Explanation of Solution

Given Information:

The Taco Inc. model 4013 centrifugal pump has an impeller of diameter D = 12.95 in. The measured flow rate Q and pressure rise $\Delta p$ are given by the manufacture as follows, when pumping 20°C water at $\Omega =1160r/\min$ :

A pump running at 900 r/min is used to pump 20°C gasoline at 400 gal/min.

Concept Used:

The units of angular velocity are converted from r/min to rev/s.

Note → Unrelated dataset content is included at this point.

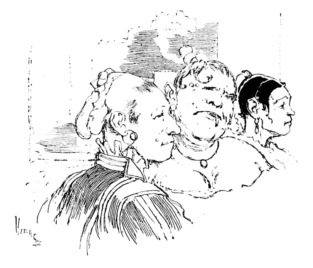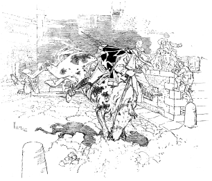 The ninety little process blocks in Bonhoure’s edition showed the knowledge of the past, combined with the brilliancy and go of the present. But after a certain page there came a blank, and the letter-press dragged on—a libretto without the music. All that one knew was contained in a short note by the publisher: Vierge had been stricken with a grave malady, for some years he disappeared as a working artist. Those years, however, were spent in struggling against an affliction which would have killed a man less strong, but from which he has emerged able to complete his most important work. I am sure that Vierge would be the last, either himself to advertise his frightful misfortune, now happily over, or to wish to have it advertised by others. It is enough to say that when his entire right side was paralysed, and he lost the power of speech, he simply trained himself to work with his left hand, and to-day, as is proved by the last twenty illustrations in this book, and the pages of Le Monde Illustré week after week, he is producing drawings which are unsurpassed.

$\Omega =900\frac{rev}{\min }\times (\frac{1\min }{60s})$

=15 rev/s

The flow rate in ft³ /s is calculated:

$Q=400gal/\min \times (\frac{0.00222801f{t}^3/s}{1gal/\min })$

$Q=0.891f{t}^3/s$

According to the tables, the density of gasoline at 20°C is $1.32slug/f{t}^3$

Calculation:

The ${\pi }_1$ term is calculated:

${\pi }_1=\frac{Q}{\Omega D^3}$

On substituting $0.891f{t}^3/s$ for Q, $15rev/s$ for $\Omega$ and $1.079ft$ for D ,

${\pi }_1=\frac{0.891}{15\times {\left(1.079\right)}^3}$

${\pi }_1=\frac{0.0594}{{\left(1.079\right)}^3}$

=0.0473

According to the plot, for ${\pi }_1=0.0473$, the value of ${\pi }_2=5.4$.

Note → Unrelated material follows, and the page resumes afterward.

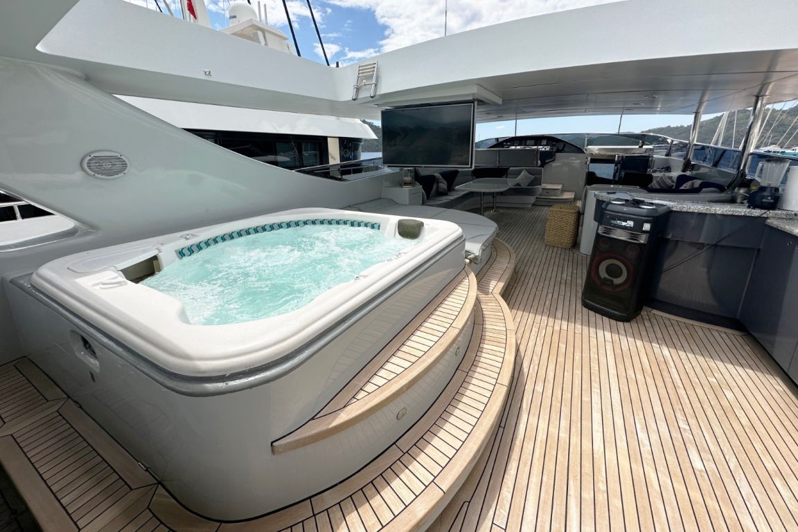 | BORDBEREICHE; Salon (Hauptdeck): Der elegante Hauptsalon bietet bequeme Ledersofas mit integrierter Kühlung, einen Esstisch, Klimaanlage und RGB-Ambientebeleuchtung. Zur Unterhaltung stehen Fernseher, Apple TV, Internetzugang, ein Heimkino-Soundsystem und zwei um 360° drehbare Fernseher zur Verfügung. Ein automatisches Vorhangsystem sorgt für maximalen Komfort und Privatsphäre. Flybridge: Die geräumige Flybridge bietet eine große Sonnenliegefläche, einen Grillplatz, Fernseher, Apple TV, Internetzugang und WLAN. Gäste können hier entspannen, den weiten Meerblick genießen, Musik über das Bord-Soundsystem hören und abends die RGB-Ambientebeleuchtung bewundern. BEHÄLTER & WASSERSPIELZEUG: Beiboot: Zodiac Medline 6.00 – 115 PS, Wasserski, Wakeboard, Ringo (Schlauchboot), Stand-Up-Paddle-Board, Angelausrüstung, Kanus, Bananenboot |

The ${\pi }_2$ term is calculated:

${\pi }_2=\frac{\Delta p}{\rho {\Omega }^2{D}^2}$

On substituting 5.4 for ${\pi }_2$, $1.32slug/f{t}^3$ for $\rho$, $19.33rev/s$ for $\Omega$ and $1.079ft$ for D ,

$5.4=\frac{\Delta p}{1.32\times {15}^2\times {1.079}^2}$

$\Delta p=\left(1867.2\frac{lbf}{f{t}^2}\right)\times (\frac{1f{t}^2}{144i{n}^2})$

$\Delta p=13lbf/i{n}^2$

Conclusion:

The pressure rise $\Delta p$ expected in lbf/in², according to the dimensionless correlation is 13 lbf/in².